TASK: Your copy of the lines below must match them exactly and contain no images.

------------------------------

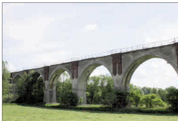
Fahren hier schon bald Radfahrer? Das Viadukt im Wieratal bei Frohnsdorf
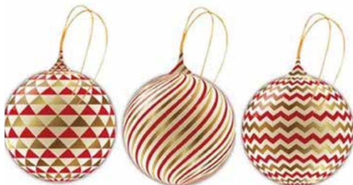
Čokoládové ozdoby z kolínského Chocolandu určené k zavěšení na vánoční stromček
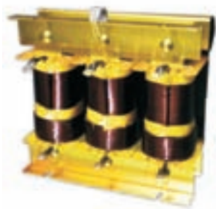
Bobinado de cobre
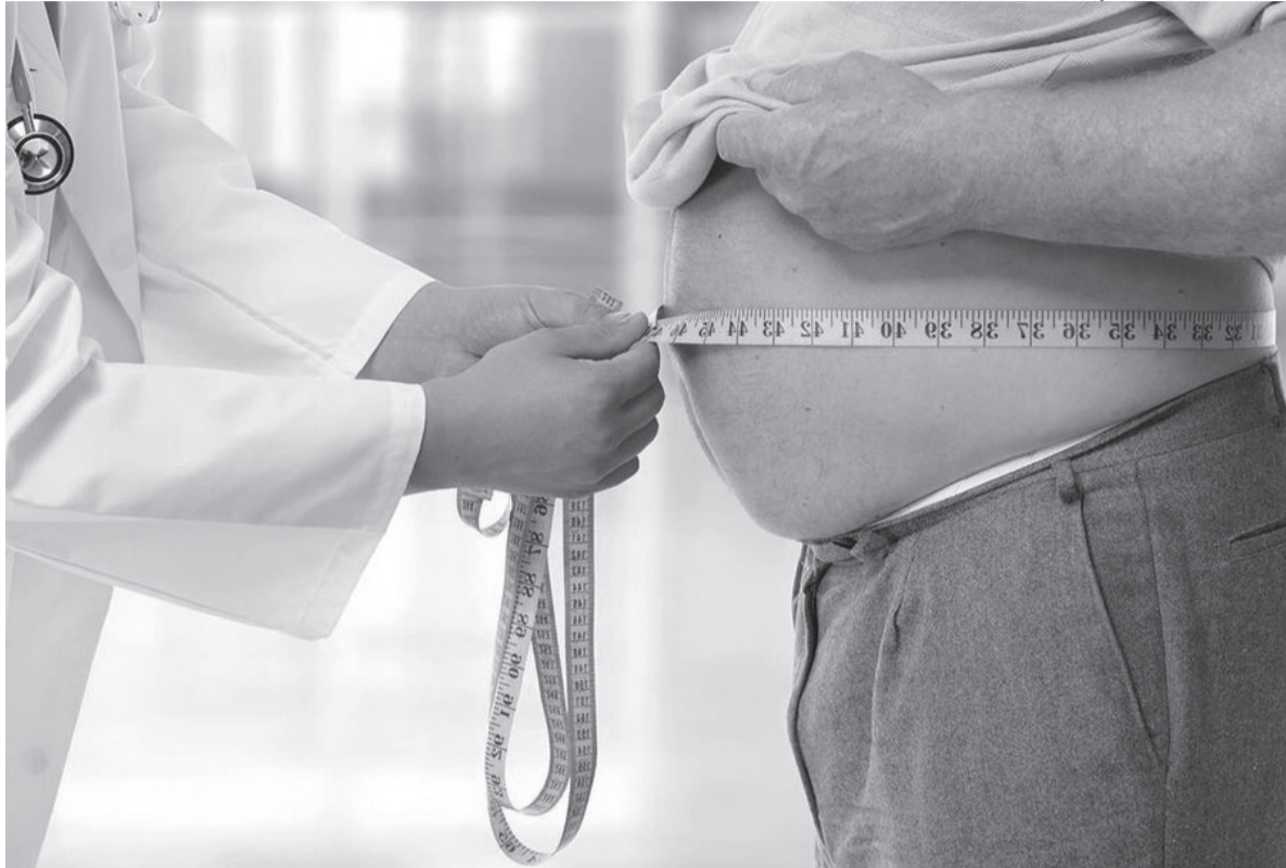
Circunferência abdominal acima de 102 cm em homens e 88 cm em mulheres indica aumento do risco à saúde

Segundo ela, a condição está relacionada a outras doenças e aumenta o risco de mortalidade. “O paciente obeso, muitas vezes, é um paciente hipertenso. Esse paciente obeso é um paciente que tem diabetes. Muitas vezes, é um paciente que tem colesterol aumentado. Esse paciente obeso é um paciente que aumenta o risco cardiovascular, que é a principal causa de mortalidade, que é o infarto e o AVC isquêmico”.
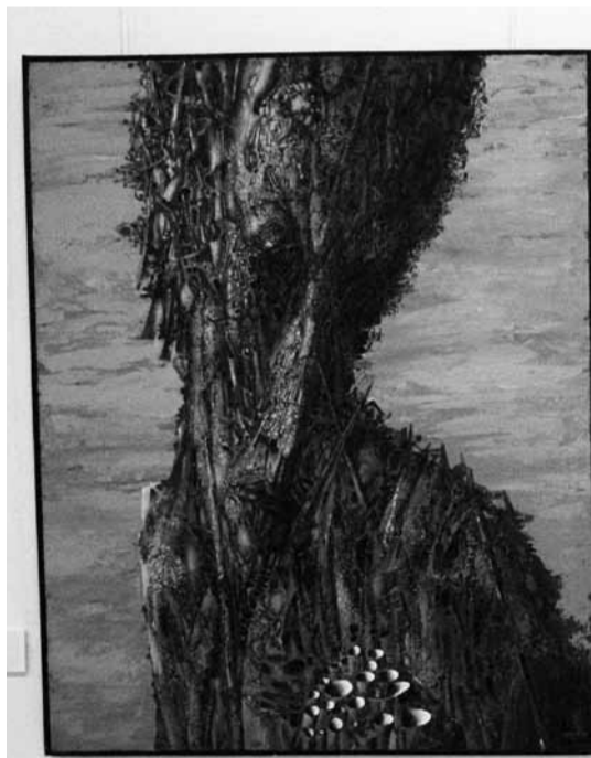
Vargono garsai. 1996, drobė, akrilas
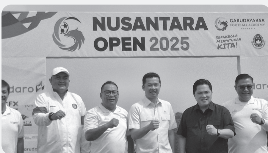
Bupati Bogor bersama Ketua PSSI, Erick Thohir dan Bupati Bekasi menghadiri event sepak bola nusantara 2025, di Bekasi, Senin (25/8).
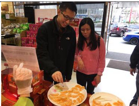
2月3日於國華超市舉辦椪柑行銷品嘗活動
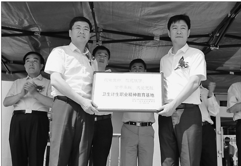
6月24日,国医大师张琪传承工作室被省卫计委授予省卫生计生职业精神教育基地称号。

在龙江的沃土上,一朵中医奇葩历经风雨依然青春绚丽,它承载着龙江中医药文化发展的神圣使命,也集聚了龙江中医药事业的荣光,它就是黑龙江省中医药科学院。回望它的历史,从“祖国医药研究所”(简称祖研),到“黑龙江省中医研究院”,再到如今的“黑龙江省中医药科学院”,每次名字的变更,都映衬着它内涵的提升和肩上责任的加重。六十年发展变迁,它由小变大、从弱到强,从单一的治病救人,到医、教、研、产一体化的综合推进,一路走来脚步愈加坚实;六十年重开甲子,全新的“中医药投身大健康”的发展理念,让它前行的视野更广、志向更高。 适逢建院60年之际,省卫生计生职业精神教育基地落户国医大师张琪传承工作室,院党委做出了在该院全体职工中开展向国医大师张琪教授学习的决定。为此记者走进了黑龙江省中医药科学院,切身感受它以国医大师张琪为代表的工匠精神,传承中医文化为己任的使命担当,以及新形势下现代中医药发展理念的锐意实践。
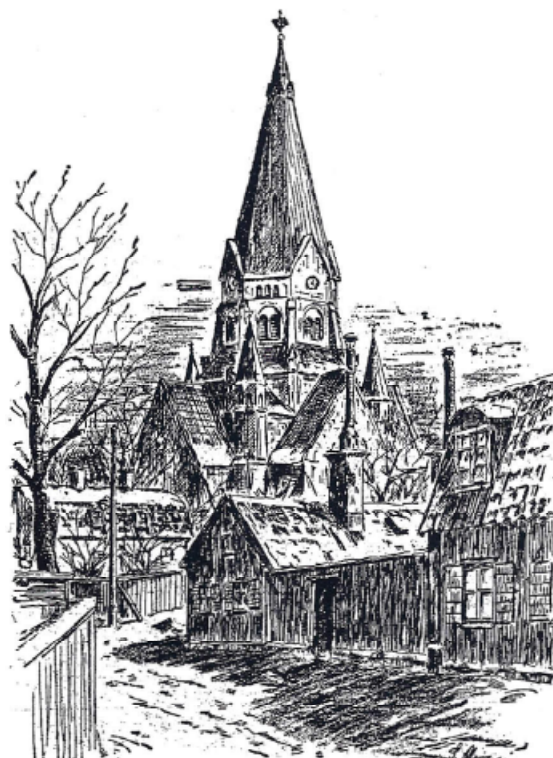
Vita Bergens gamla kåkar och Sofia kyrka
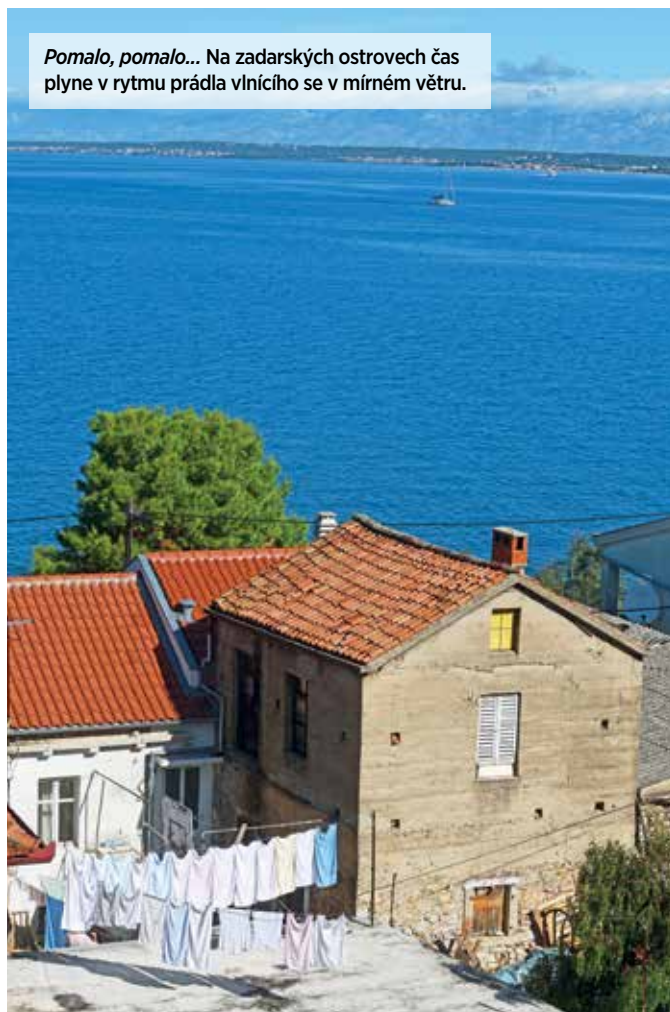
Pomalo, pomalo... Na zadarských ostrovech čas plyne v rytmu prádla vlnícího se v mírném větru.

Zdá se, že ty hluboké kořeny drží celý ostrov pohromadě a zároveň ho udržují v čase někde v minulém století. Celý okolní svět se mění, jen Olib zůstává
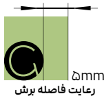
رعایت فاصله برش
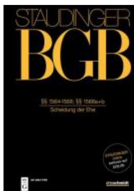
J. von Staudingers Kommentar zum Bürgerlichen Gesetzbuch mit Einführungsgesetz... / §§ 1564-1568b Ladenpreis: 199,95EUR
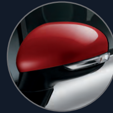
Coques de rétroviseurs (disponibles en rouge - 50903553, blanc - 50903554, bronze - 50903555, gris - 50903556 ou noir - 50927551) 75 €*
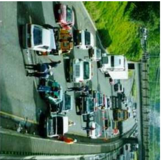
El carnet per punts vol evitar l'alta sinistralitat.

Això vol dir que els conductors, que disposaran d'un crèdit inicial de 12 punts, podran perdre el carnet en un sol dia per l'acumulació de dues de les infraccions molt greus sancionades amb la pèrdua de 6 punts cadascuna. Així ho va afirmar ahir el ministre d'Interior, José Antonio Alonso , després de la reunió del Consell de Ministres. Podrà succeir així en els casos en els quals, per exemple, una persona conduïx amb un grau elevat d'alcoholèmia i que sigui denunciada per conducció temerària. Convé assenyalar que la pèrdua no es produirà de manera immediata, ja que
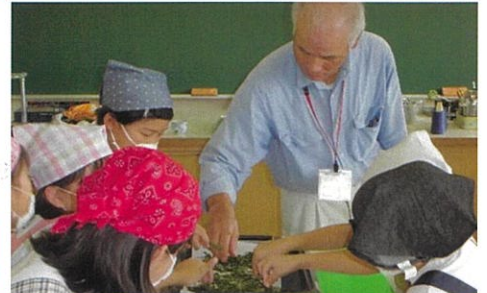
お茶手揉み体験(3年)
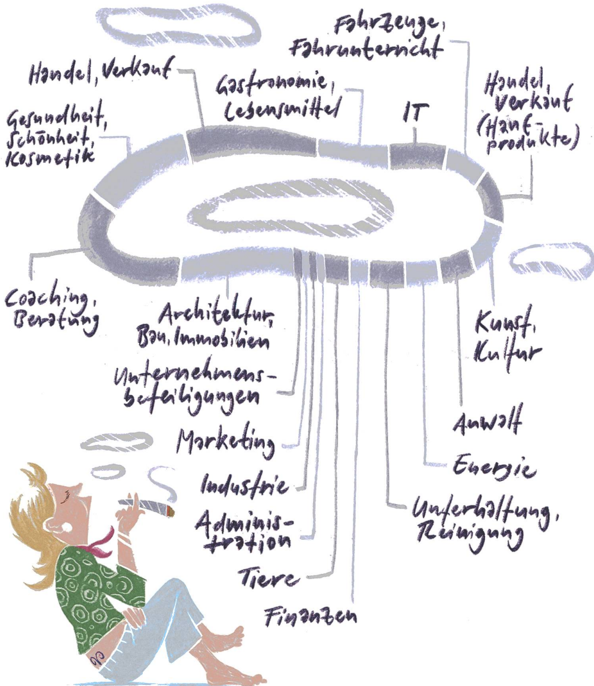
Grafik 3: Neugründungen in Baden. 9, 10, 11
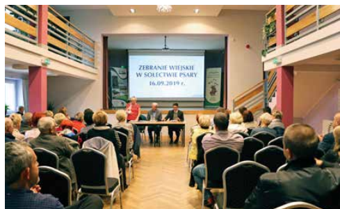
MIESZKAŃCY PODZIELILI FUNDUSZ SOŁECKI
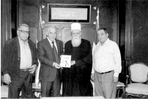
«الديموقراطية» عند شيخ العقل

وللتطورات في الأراضي الفلسطينية المحتلة «حيث يعمن العدو الصهيوني في التكتيل بالشعب الفلسطيني وحقوقه.»
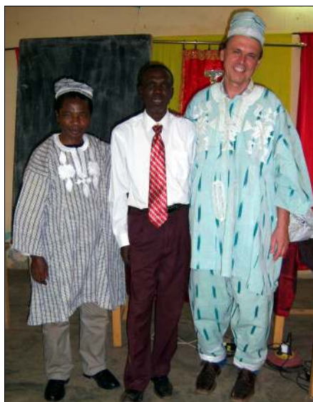
Gastgeschenke - im Burkina Faso Outfit

Auf der nächtlichen Heimkehr, warfen uns eine Gruppe Jugendlicher einen großen Stein in die Windschutzscheibe, um unser Fahrzeug zum Anhalten zu zwingen. Der nigerianische Fahrer raste durch die illegal errichtete Straßensperre. Der Stein schlug erst auf den Holm und rutsche dann auf Augenhöhe des Fahrers über
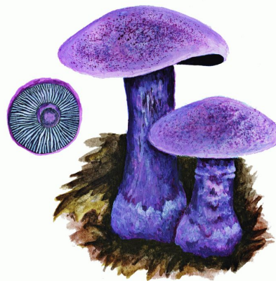
Паутинник фиолетовы й
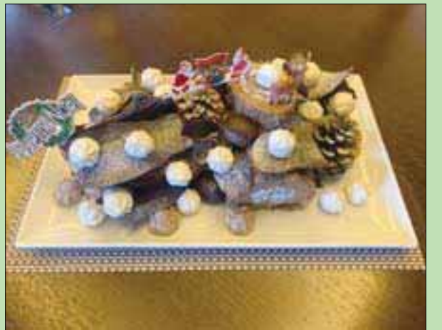
يمكن استخدام سكر القصب الخام في جميع الحلويات (الشرق الأوسط)

البسكويت جزء محبوب للغاية من عيد الميلاد، ولأحوائه على مقدار كبير من الدهون ودقيق القمح والسكر فلا ينتمي إلى فئة الأطعمة «الصحية». ولكن يقول الخبازون إنه يمكن الاستغناء عن بعض الأجزاء واللجوء لمكونات صحية من دون التضحية بالمذاق. ويمكن الاستغناء عن دقيق القمح واللجوء إلى دقيق الحنطة، على سبيل المثال. وهذا له تأثير بسيط على المذاق، ولكنّه يحتوي على قدر كبير من الألياف والمعادن. وبشكل مائل، يمكن
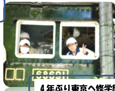
4年ぶり東京へ修学旅行
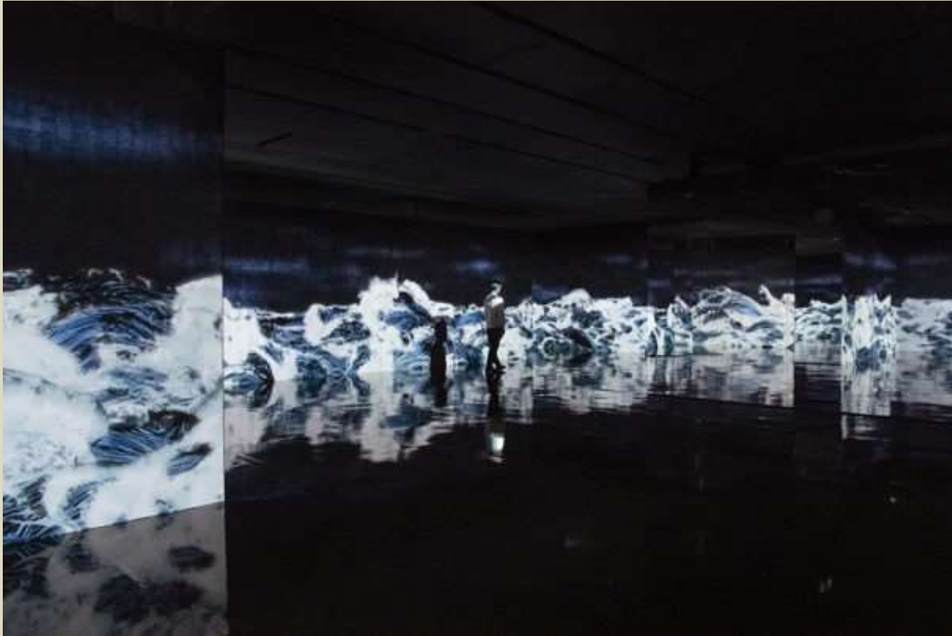
Colectivo de arte digital Teamlab, Black Waves: Lost, Immersed and Reborn, 2019

------------------------------

OUTPUT FOR THIS TASK:
Fahren hier schon bald Radfahrer? Das Viadukt im Wieratal bei Frohnsdorf
Čokoládové ozdoby z kolínského Chocolandu určené k zavěšení na vánoční stromček
Bobinado de cobre
Circunferência abdominal acima de 102 cm em homens e 88 cm em mulheres indica aumento do risco à saúde

Segundo ela, a condição está relacionada a outras doenças e aumenta o risco de mortalidade. “O paciente obeso, muitas vezes, é um paciente hipertenso. Esse paciente obeso é um paciente que tem diabetes. Muitas vezes, é um paciente que tem colesterol aumentado. Esse paciente obeso é um paciente que aumenta o risco cardiovascular, que é a principal causa de mortalidade, que é o infarto e o AVC isquêmico”.
Vargono garsai. 1996, drobė, akrilas
Bupati Bogor bersama Ketua PSSI, Erick Thohir dan Bupati Bekasi menghadiri event sepak bola nusantara 2025, di Bekasi, Senin (25/8).
2月3日於國華超市舉辦椪柑行銷品嘗活動
6月24日,国医大师张琪传承工作室被省卫计委授予省卫生计生职业精神教育基地称号。

在龙江的沃土上,一朵中医奇葩历经风雨依然青春绚丽,它承载着龙江中医药文化发展的神圣使命,也集聚了龙江中医药事业的荣光,它就是黑龙江省中医药科学院。回望它的历史,从“祖国医药研究所”(简称祖研),到“黑龙江省中医研究院”,再到如今的“黑龙江省中医药科学院”,每次名字的变更,都映衬着它内涵的提升和肩上责任的加重。六十年发展变迁,它由小变大、从弱到强,从单一的治病救人,到医、教、研、产一体化的综合推进,一路走来脚步愈加坚实;六十年重开甲子,全新的“中医药投身大健康”的发展理念,让它前行的视野更广、志向更高。 适逢建院60年之际,省卫生计生职业精神教育基地落户国医大师张琪传承工作室,院党委做出了在该院全体职工中开展向国医大师张琪教授学习的决定。为此记者走进了黑龙江省中医药科学院,切身感受它以国医大师张琪为代表的工匠精神,传承中医文化为己任的使命担当,以及新形势下现代中医药发展理念的锐意实践。
Vita Bergens gamla kåkar och Sofia kyrka
Pomalo, pomalo... Na zadarských ostrovech čas plyne v rytmu prádla vlnícího se v mírném větru.

Zdá se, že ty hluboké kořeny drží celý ostrov pohromadě a zároveň ho udržují v čase někde v minulém století. Celý okolní svět se mění, jen Olib zůstává
رعایت فاصله برش
J. von Staudingers Kommentar zum Bürgerlichen Gesetzbuch mit Einführungsgesetz... / §§ 1564-1568b Ladenpreis: 199,95EUR
Coques de rétroviseurs (disponibles en rouge - 50903553, blanc - 50903554, bronze - 50903555, gris - 50903556 ou noir - 50927551) 75 €*
El carnet per punts vol evitar l'alta sinistralitat.

Això vol dir que els conductors, que disposaran d'un crèdit inicial de 12 punts, podran perdre el carnet en un sol dia per l'acumulació de dues de les infraccions molt greus sancionades amb la pèrdua de 6 punts cadascuna. Així ho va afirmar ahir el ministre d'Interior, José Antonio Alonso , després de la reunió del Consell de Ministres. Podrà succeir així en els casos en els quals, per exemple, una persona conduïx amb un grau elevat d'alcoholèmia i que sigui denunciada per conducció temerària. Convé assenyalar que la pèrdua no es produirà de manera immediata, ja que
お茶手揉み体験(3年)
Grafik 3: Neugründungen in Baden. 9, 10, 11
MIESZKAŃCY PODZIELILI FUNDUSZ SOŁECKI
«الديموقراطية» عند شيخ العقل

وللتطورات في الأراضي الفلسطينية المحتلة «حيث يعمن العدو الصهيوني في التكتيل بالشعب الفلسطيني وحقوقه.»
Gastgeschenke - im Burkina Faso Outfit

Auf der nächtlichen Heimkehr, warfen uns eine Gruppe Jugendlicher einen großen Stein in die Windschutzscheibe, um unser Fahrzeug zum Anhalten zu zwingen. Der nigerianische Fahrer raste durch die illegal errichtete Straßensperre. Der Stein schlug erst auf den Holm und rutsche dann auf Augenhöhe des Fahrers über
Паутинник фиолетовы й
يمكن استخدام سكر القصب الخام في جميع الحلويات (الشرق الأوسط)

البسكويت جزء محبوب للغاية من عيد الميلاد، ولأحوائه على مقدار كبير من الدهون ودقيق القمح والسكر فلا ينتمي إلى فئة الأطعمة «الصحية». ولكن يقول الخبازون إنه يمكن الاستغناء عن بعض الأجزاء واللجوء لمكونات صحية من دون التضحية بالمذاق. ويمكن الاستغناء عن دقيق القمح واللجوء إلى دقيق الحنطة، على سبيل المثال. وهذا له تأثير بسيط على المذاق، ولكنّه يحتوي على قدر كبير من الألياف والمعادن. وبشكل مائل، يمكن
4年ぶり東京へ修学旅行
Colectivo de arte digital Teamlab, Black Waves: Lost, Immersed and Reborn, 2019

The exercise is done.